Recent studies have discovered that GQD, a Chinese herbal formula, can alleviate type 2 diabetes (T2D). In a double-blind, randomized controlled study of 187 T2D patients, patients were randomized to receive high-dose (HD), medium-dose (MD), and low-dose (LD) GQD or placebo for 12 weeks. GQD could significantly reduce the levels of fasting blood glucose (FBG) and glycated hemoglobin (HbA1c), but also apparently increase the levels of HOMA-β. Plasma levels of tumor necrosis factor A, adiponectin, and serum amyloid A were not significantly different in the four groups. GQD apparently increased the level of Faecalibacterium prausnitzii, a beneficial bacterium that is negatively associated with FBG, HbA1c, and 2-h postprandial blood glucose levels.

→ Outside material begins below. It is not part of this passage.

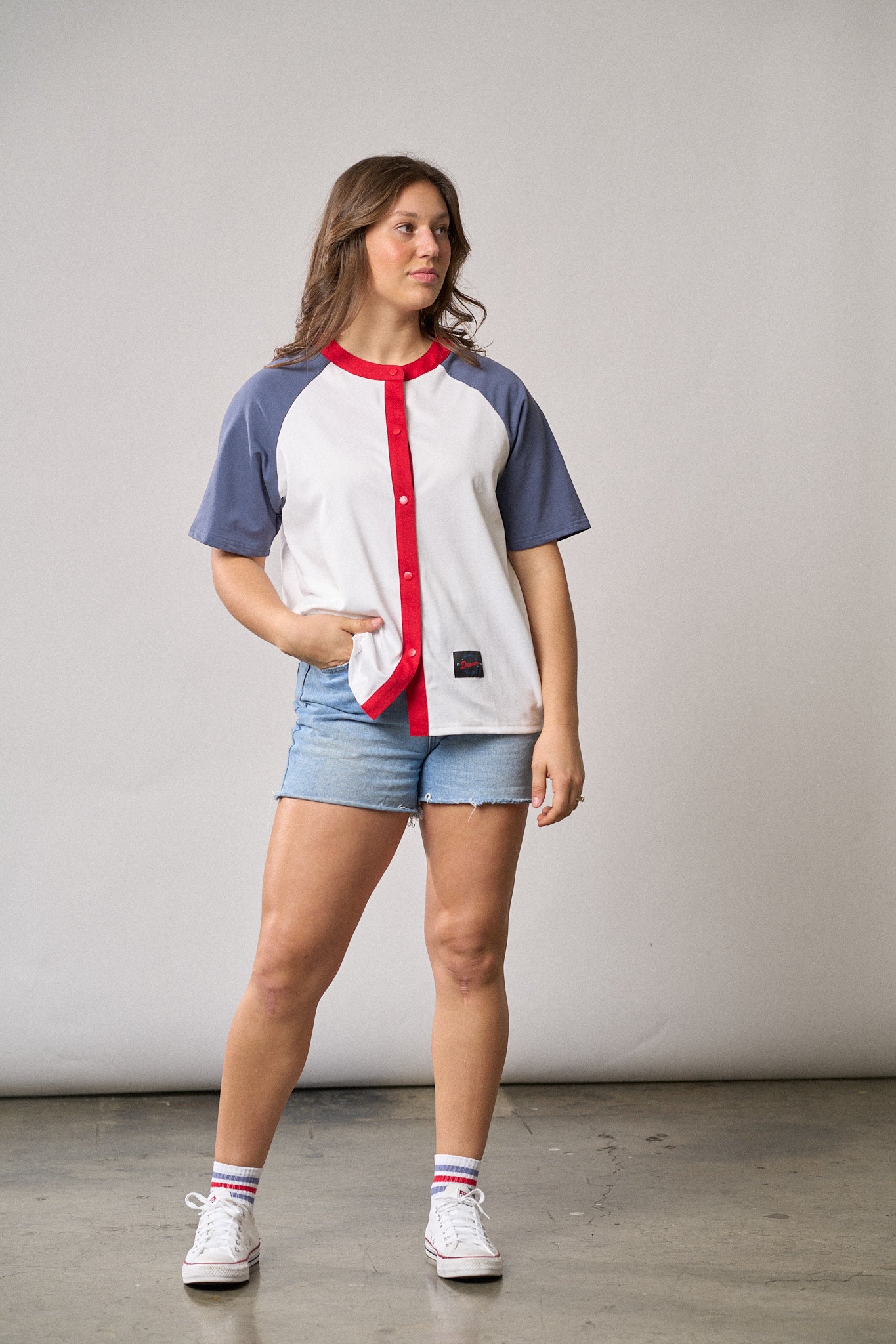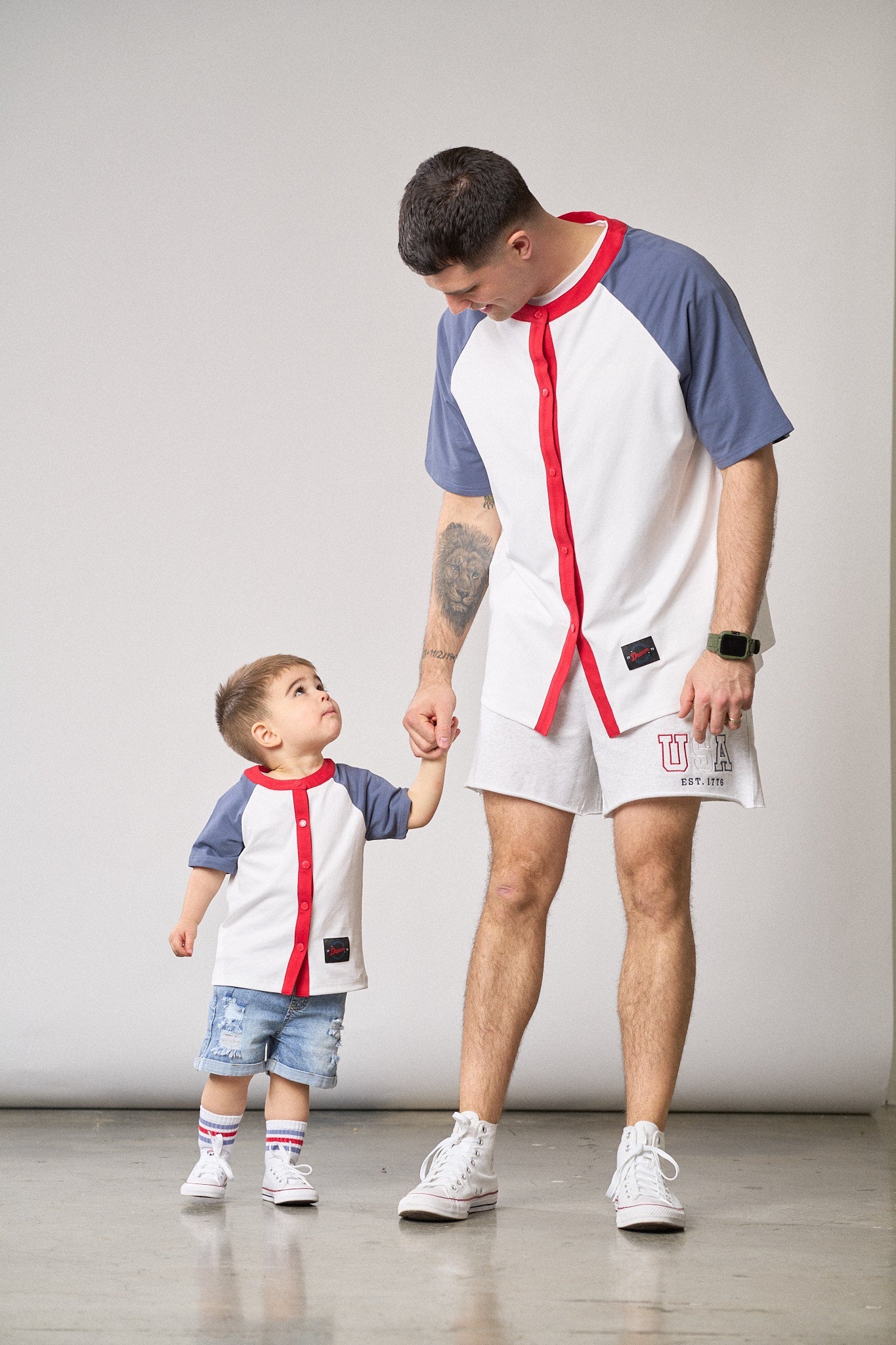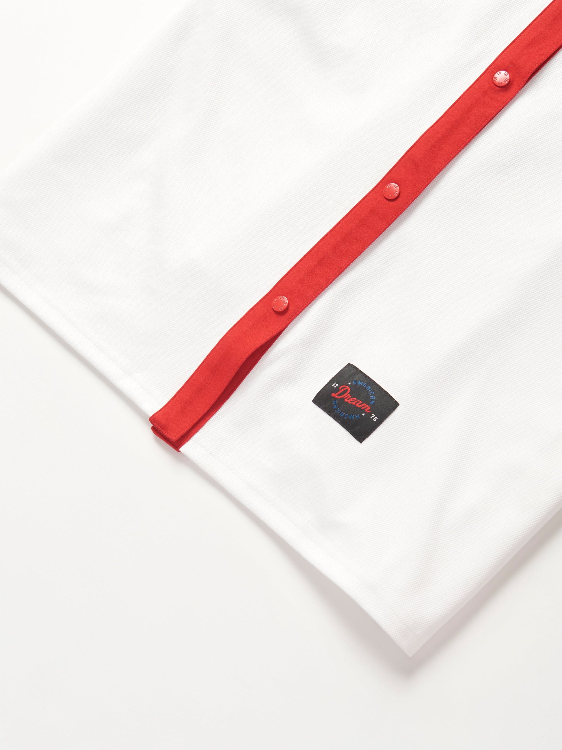 Rep the USA in style! This white jersey with red and blue accents features an embroidered "USA" on the back and a cool “American Dream” tag. This jersey is a perfect piece to elevate your outfit for any celebration or a day at the fields.

These suggest that GQD may play a role in the treatment of T2D by regulating gut flora [10].

5. Conclusion and Future Perspective

Increasing evidence has shown that the gut flora plays an important role in the occurrence and development of many diseases. Regulation of intestinal bacterial metabolism may be a new pharmacological target for the treatment of CVD. This requires a more systematic understanding of how intestinal microorganisms convert diets or traditional Chinese medicines into metabolites that interact with surrounding tissues and organs. High-throughput analysis and bioinformatics can help us to study the changes and regularities of endogenous global metabolism. Furthermore, it is conducive to understand the mechanism of how metabolites interact with host receptors. Traditional Chinese medicine can treat diseases by regulating intestinal flora to change the metabolism of the body. Therefore, the identification of gut microbiota and their metabolites will be significant in developing individualized intervention strategies.

Conflicts of Interest

The authors declare that they have no conflicts of interest.


This work was partially supported by the National Natural Science Foundation of China (grant no. 81573708); the Guangdong Natural Science Funds for Distinguished Young Scholars (grant no. 2015A030306049); the Discipline of Integrated Chinese and Western Medicine in Guangzhou University of Chinese Medicine (grant no. YN2015MS21, Lei Wang); and the Guangdong Special Support Program for Distinguished Scholars (no. 2015TQ01R588).